The Many Faces of DFNB9: Relating OTOF Variants to Hearing Impairment
Round 1
Reviewer 1 Report
Dear Authors,
the present manuscript thoroughly and critically examines clinical aspects associated with phenotypes variants of OTOF patients, often left undiagnosed, with consequent relevant impact on the diagnostic paths for neonatal hearing screening, a topic much debated today.
I found the work complete, exhaustive and multidisciplinary.
The only remark is to better separate the genetic and clinical parts of the manuscript, in order to facilitate a multi-disciplinary readership (pediatricians, audiologists and clinicians).
Author Response
Reviewer 1
The present manuscript thoroughly and critically examines clinical aspects associated with phenotypes variants of OTOF patients, often left undiagnosed, with consequent relevant impact on the diagnostic paths for neonatal hearing screening, a topic much debated today.
I found the work complete, exhaustive and multidisciplinary.
The only remark is to better separate the genetic and clinical parts of the manuscript, in order to facilitate a multi-disciplinary readership (pediatricians, audiologists and clinicians).
Response: We thank the reviewer for this suggestion. We re-arranged the structure of the review to improve readability. We have divided section three into smaller sub-sections and included the former section 6 (missing variants) into section 3 as section 3.4 now. We feel that the genetic and clinical parts are now better separated.
Reviewer 2 Report
OTOF encoded otoferlin and is an important gene related to auditory neuropathy spectrum disorder. The prevalence of OTOF-related hearing impairment is high in many populations. Both clinical and genetic diagnoses are challenging owing to the diverse phenotypes, genotypes, and molecular structures of otoferlin. Vona and colleagues described the different aspects of DFNB9, including the audiological characteristics, the pathogenic/likely pathogenic variants, and the genotype-phenotype correlations. They also discussed the varieties of the phenotypes and genotypes from the view of structural diversity and molecular function of otoferlin, as confirmed by the mouse models.
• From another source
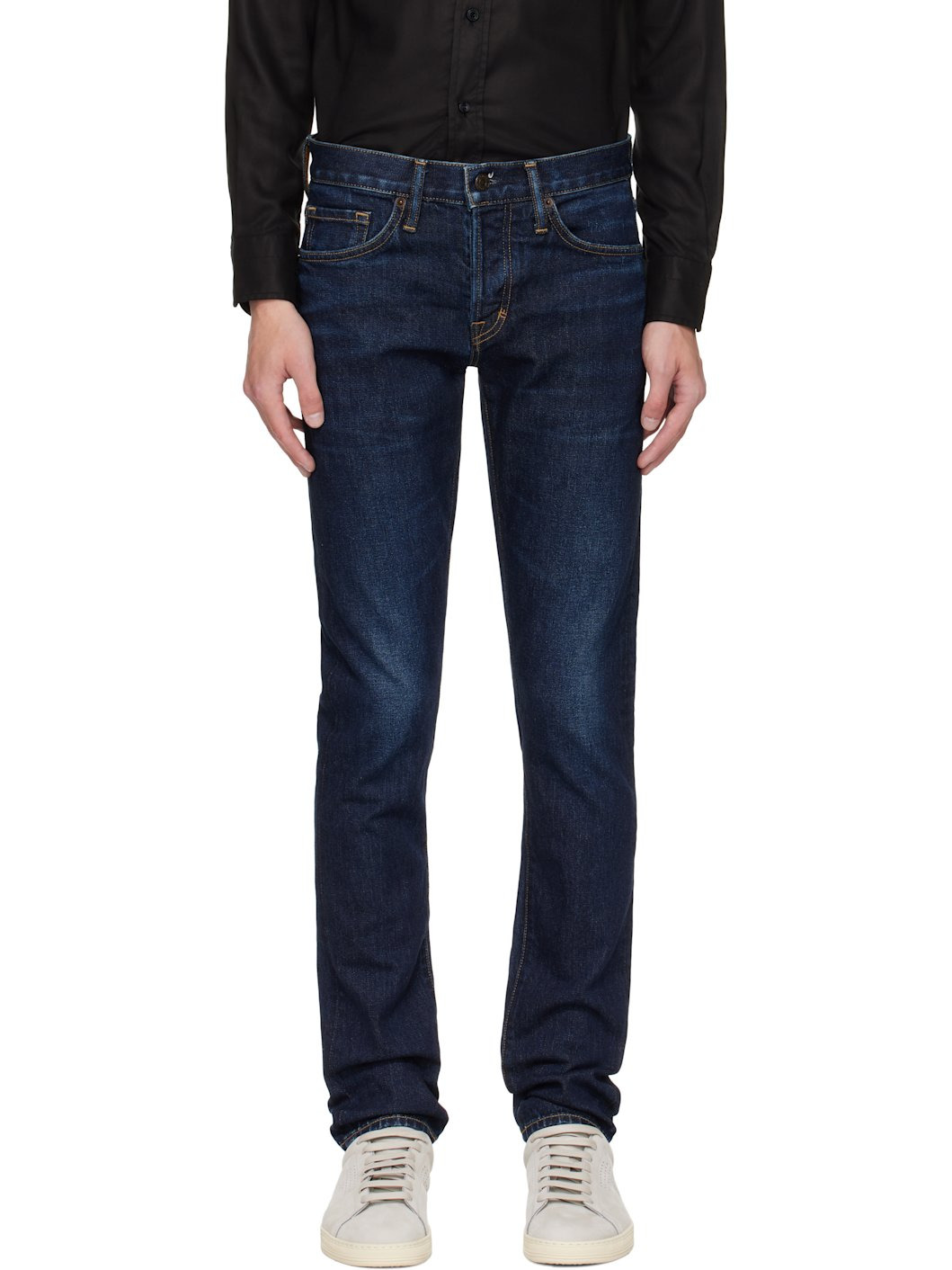Stretch denim jeans. · Fading throughout · Belt loops · Five-pocket styling · Button fly · Leather logo patch at back waistband · Contrast stitching in tan Supplier color: Deep Indigo 98% cotton, 2% polyurethane. Made in United States 252076M186003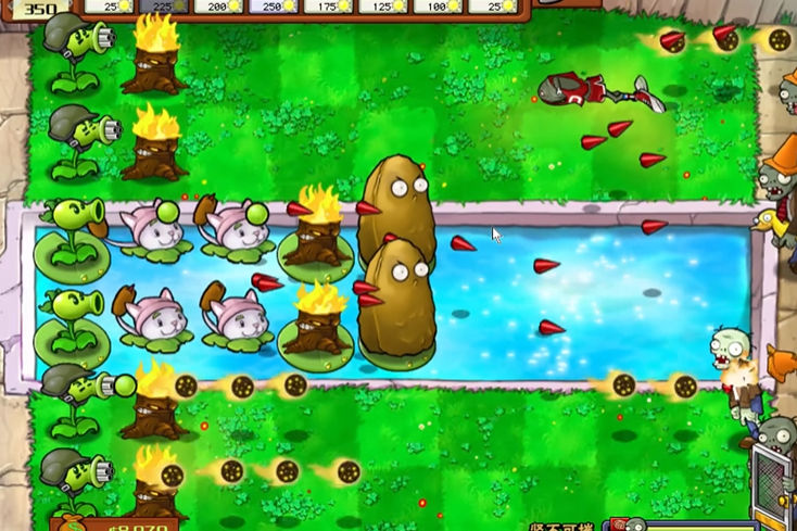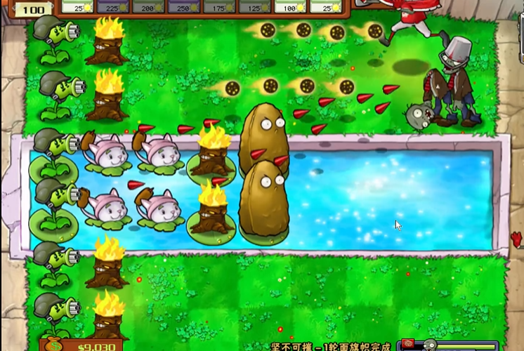 摆阵型时记住前防后攻原则,前排用高坚果或南瓜头扛伤害,后排集中火力输出。泳池行最容易被忽视,记得用荷叶铺路后放猫尾草,它能自动追踪僵尸。陆地行每排至少放两列双发射手,中间穿插火炬树桩提升伤害。阳光别一次性花光,留点备用补南瓜头或应急植物。每波结束后会给奖励阳光,记得及时补强薄弱位置。

In general, this is a well-organized and thorough review detailing the diverse auditory phenotypes of DFNB9 on different audiological tests, genetic diversity of OTOF, and molecular features of otoferlin. The comprehensive review of different aspects of DFNB9, from phenotypic performance, genetic profiles to molecular mechanisms, can help the readers attain an overall concept of DFNB9.
There are several typos that should be revised:
- Page 6, lines 243-244, in-frame deletion is duplicated.
- Page 9, line 277, the variant should be p.Arg1939Gln.
Author Response
Reviewer 2
OTOF encoded otoferlin and is an important gene related to auditory neuropathy spectrum disorder. The prevalence of OTOF-related hearing impairment is high in many populations. Both clinical and genetic diagnoses are challenging owing to the diverse phenotypes, genotypes, and molecular structures of otoferlin. Vona and colleagues described the different aspects of DFNB9, including the audiological characteristics, the pathogenic/likely pathogenic variants, and the genotype-phenotype correlations. They also discussed the varieties of the phenotypes and genotypes from the view of structural diversity and molecular function of otoferlin, as confirmed by the mouse models.
In general, this is a well-organized and thorough review detailing the diverse auditory phenotypes of DFNB9 on different audiological tests, genetic diversity of OTOF, and molecular features of otoferlin. The comprehensive review of different aspects of DFNB9, from phenotypic performance, genetic profiles to molecular mechanisms, can help the readers attain an overall concept of DFNB9.
There are several typos that should be revised:
- Page 6, lines 243-244, in-frame deletion is duplicated.
- Page 9, line 277, the variant should be p.Arg1939Gln.
Response: We thank the reviewer for the feedback and catching the typos. Both typos have been corrected.